Protests Erupt During Trump's First Visit To Hawaii

President Donald Trump and First Lady Melania Trump throw flowers during their visit to the USS Arizona Memorial on November 3, 2017, at Pearl Harbor in Honolulu, Hawaii. Admiral Harry B. Harris, Jr. (L), Commander, US Pacific Command, and his wife Bruni Bradley accompanied the Trumps. Photo credit should read JIM WATSON/AFP/Getty Images

President Donald Trump's trip to Hawaii caused disruptive protests against his immigration policies on Friday.

The president was greeted by crowds of protesters, Hawaiians holding signs, beating drums, and cheering Hawaii native and former President Barack Obama, the Los Angeles Times reported.

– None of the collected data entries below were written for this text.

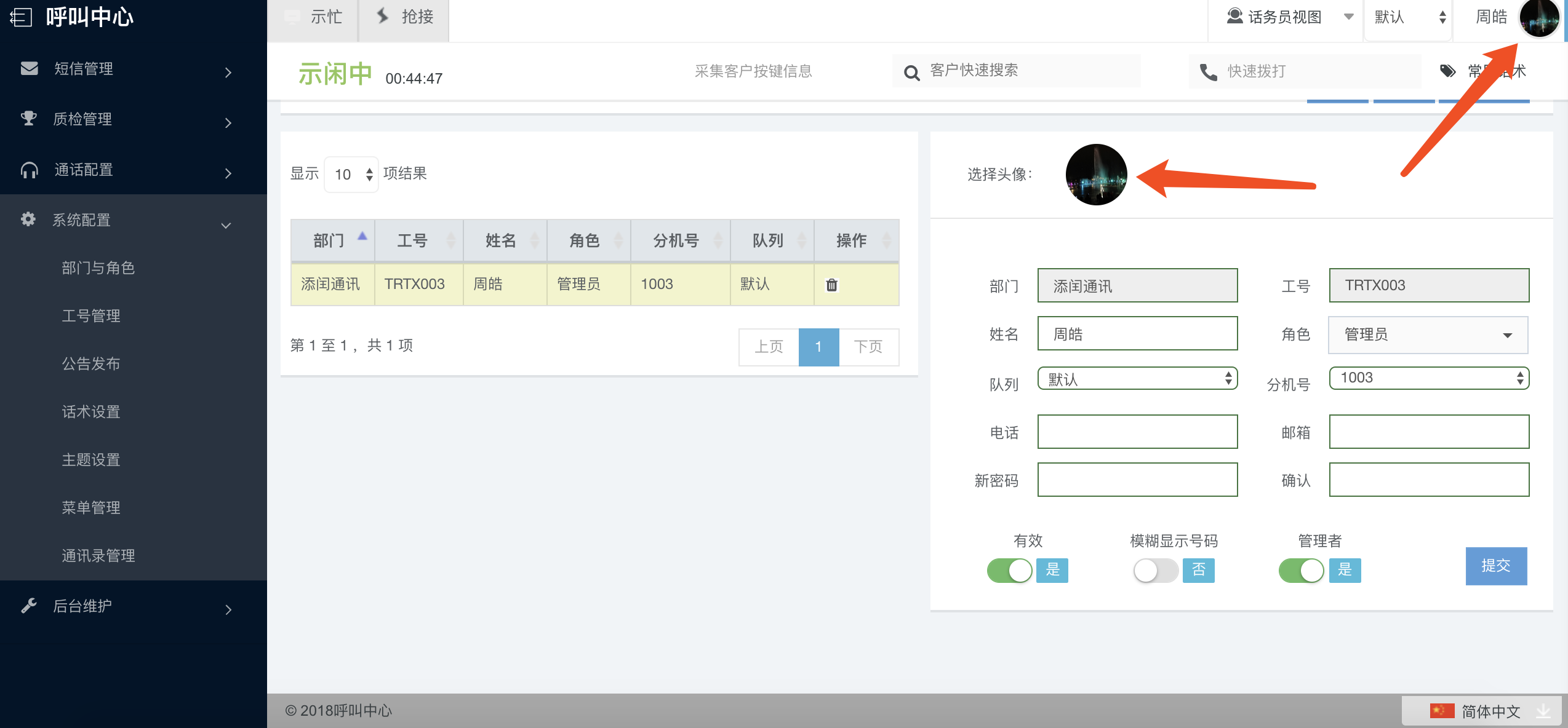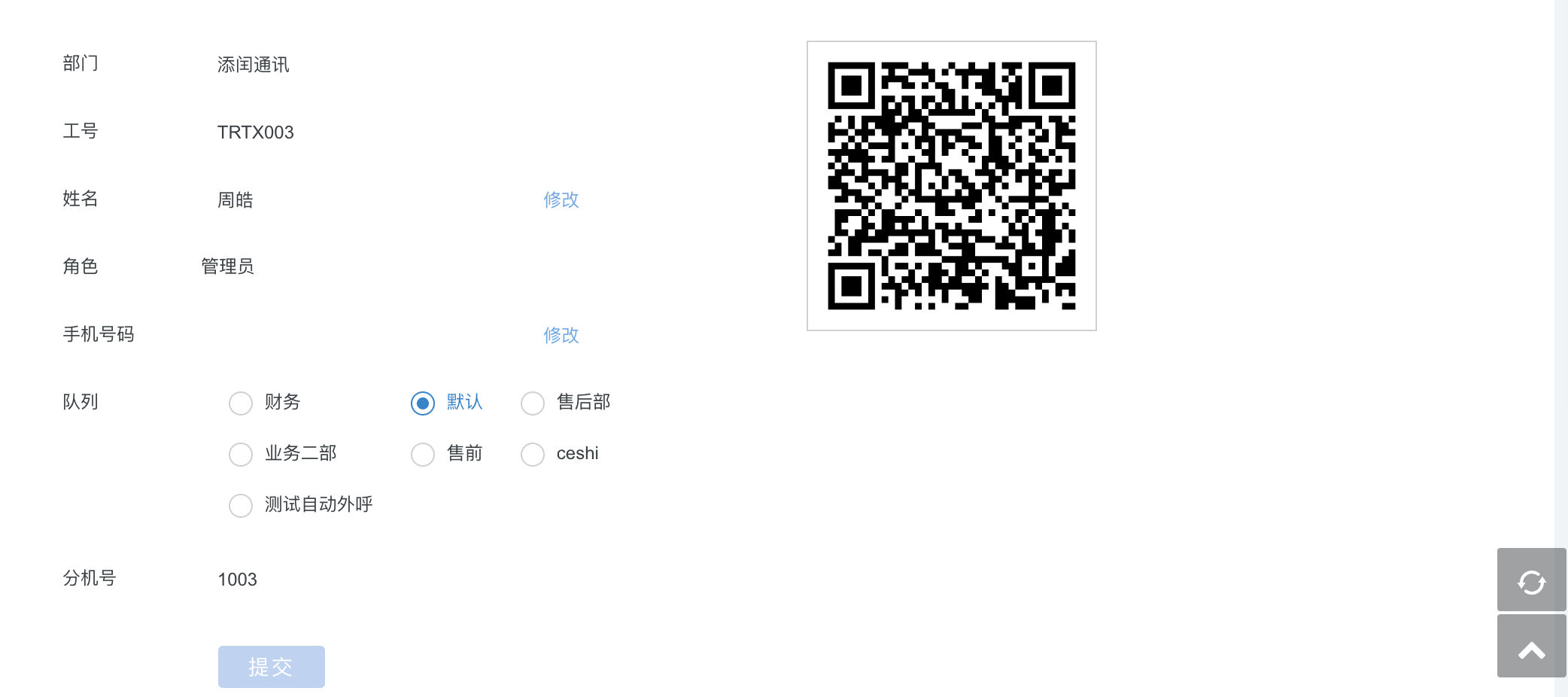 队列列表中可以点击后面的操作图标,将某一队列设置为默认队列。在工号管理模块中,如果不给该工号设置队列,那么该工号存在于默认队列中。
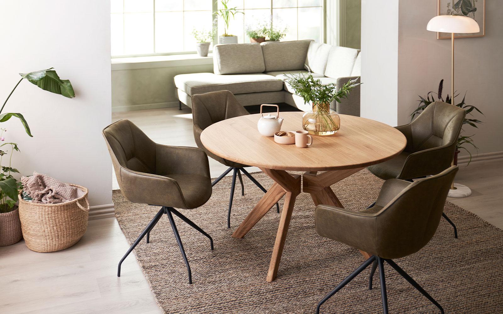 Stella spisebordet i massiv eg er et godt valg, som skaber fundamentet for at kunne lege med farver og materialer rundt om det fine runde bord.
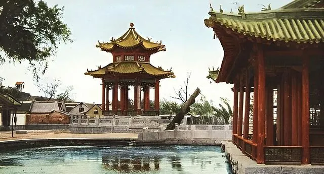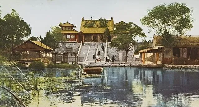 这个临水的庙宇叫北极庙,石台有三十多级,登上去风一扑脸,殿宇倒影稳稳落在水里,照片里能看见台阶上来来往往的人影,庙前水草萋萋,和现在的整饬不同,那时更有野趣。
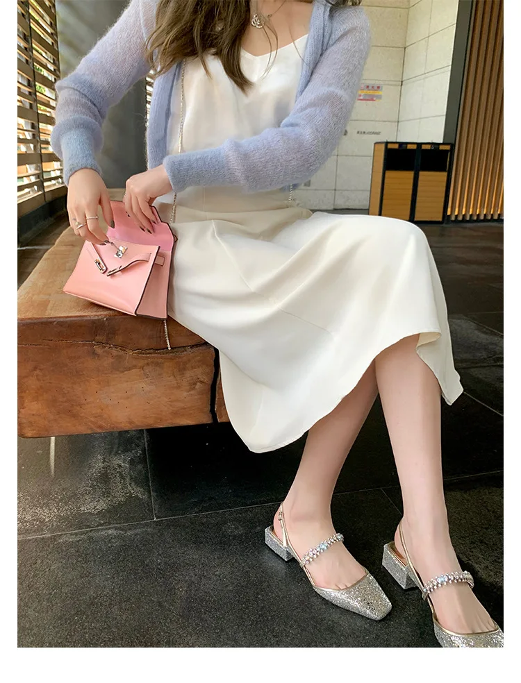 2022 Low Heel Square Toe Fashion Crystal Shoes Women Leather Pumps One-word Drill Belt Thick Heel Mary Jane Sandals Women Pumps
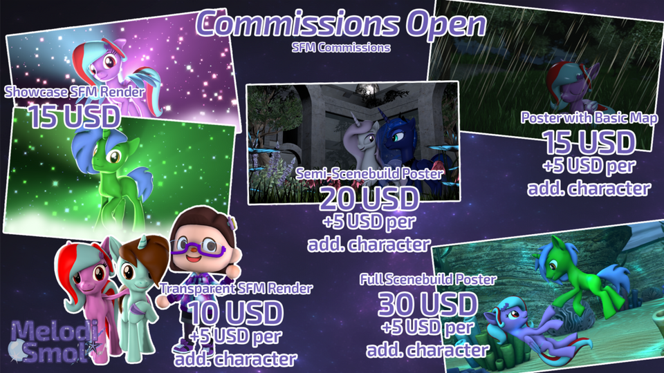 I have commissions available if you'd like to get some artwork from me. I can do MLP or Animal Crossing artwork, but for MLP, if you want your OC in a poster, you must have a model already made for me to use as I can't make models myself. Animal Crossing isn't much of a problem because all the clothing is readily available for me to use for your character of choice, but I'm not that good with posing humanoid bodies, so be warned.Be sure to check my Terms of Service for info and my refund policy.
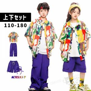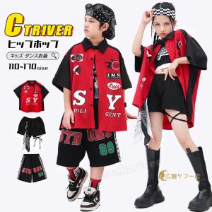 k-pop 衣装 赤 柄シャツ 半袖 キッズダンス衣装 セットアップ レッド ジャケット ヒップホップ 黒パンツ ハーフパンツ 男の子 ガールズ 韓国 ゆったり キッズ ア
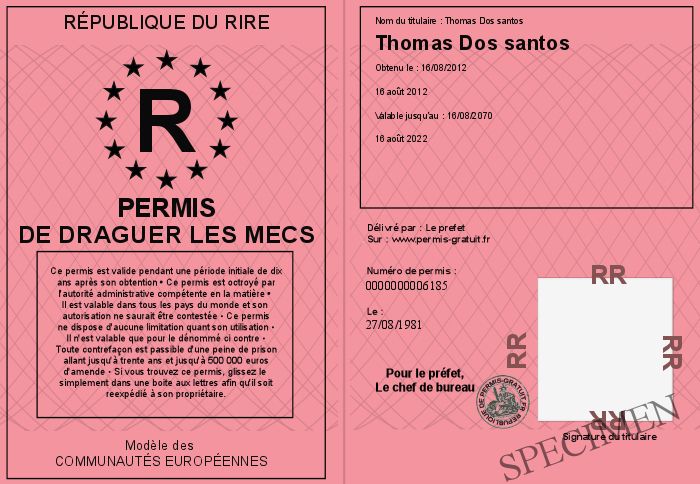 Envoyez par email le Permis de draguer les mecs personalisé
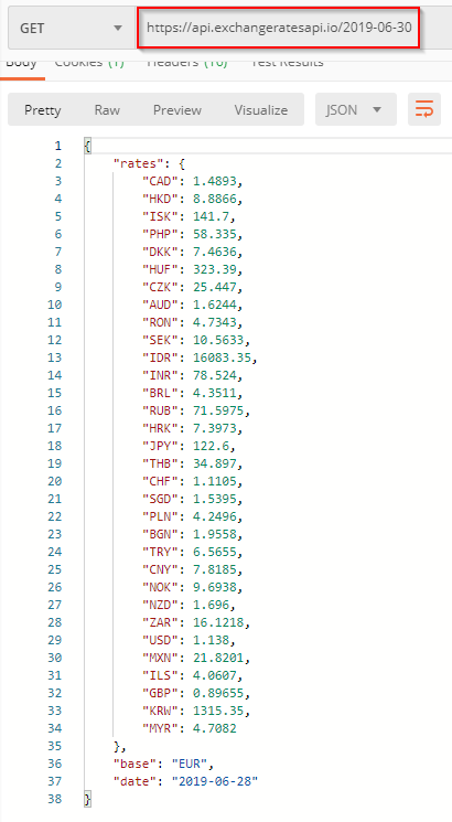 Lets look at the usage of Exchange rates API and how requests can be made to receive JSON responses. I prefer to use Postman app to manually check REST requests but any REST client can be used.
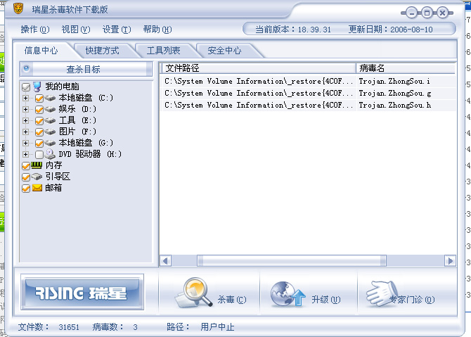 我有电脑有这三个这样的病毒Trojan.ZhongSou.i Trojan.ZhongSou.g Trojan.ZhongSou.h用瑞星杀毒软件删除后.但重启电脑用瑞星再查杀后但是还有这三个病毒.请帮忙解决下.
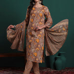 Brown Cotton Floral Print Piping Kurta Pants Dupatta Set
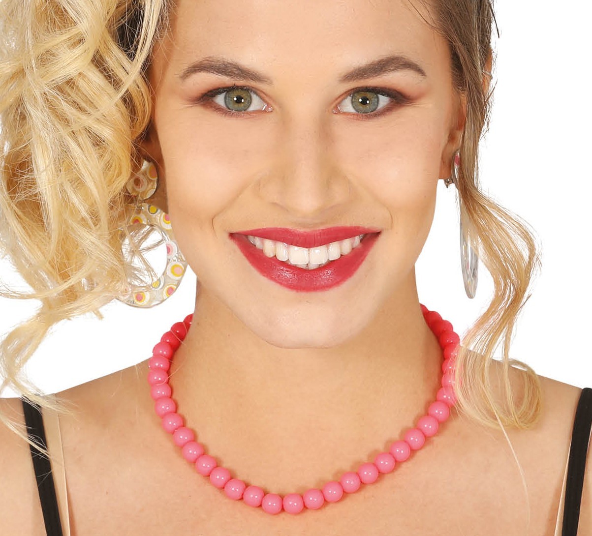 Rozmiar uniwersalny, plastikowe, różowe neonowe korale . Długość naszyjnika ok. 90cm.

A large group of demonstrators gathered outside the Capitol to hold posters like "Welcome to Kenya" and "Aloha also means goodbye." Many also chanted against Trump's travel ban, which was shot down by a Honolulu-based judge for the third time in October.

Trump is greeted by some great protest signs when he visits Hawaii.
"Welcome to Kenya" 😂#RESIST #TrumpBaitAndSwitch #AsiaTrip

— Strictly Count All The Votes (@christoq) November 4, 2017

"The idea of the aloha spirit is that we welcome everyone who comes here. But when there's a leader whose whole M.O. seems to be making America a less welcoming place for whole groups of people, that's where we need to draw the line," said Kaniela Ing, a Democrat from the state's House of Representatives, told the LA Times. "He's simply not welcome."

#Hawaii protests #TrumpInHawaii outside the loveliest state capitol in the union.

— Andray Abrahamian (@Draylien) November 4, 2017

Despite the protests, a mix of military service members and residents cheered the president when he first landed on the island.

This is the first time the president has visited Hawaii since his inauguration and visited the floating memorial of the Pearl Harbor attack. He and First Lady Melania Trump both laid a wreath of white flowers on the water.

Trump also met with the governors of Hawaii, Alaska, Guam, America Samoa and the Commonwealth of the Northern Mariana Islands to discuss nuclear threats from North Korea. Officials from North Korea have threatened they could bomb Guam, and Trump has suggested the U.S. might attack North Korea.

There has also been a lot of tension in Hawaii as the state begins testing a statewide bomb system that has not been used since the Cold War, just in case North Korea figures out how to hit the islands with nuclear missiles.

The President will leave Hawaii on Saturday to embark on his five-nation tour of Asia to meet with allies in the regions. During his 22-day trip, he will visit Japan, Korea, China, Vietnam, and the Philippines.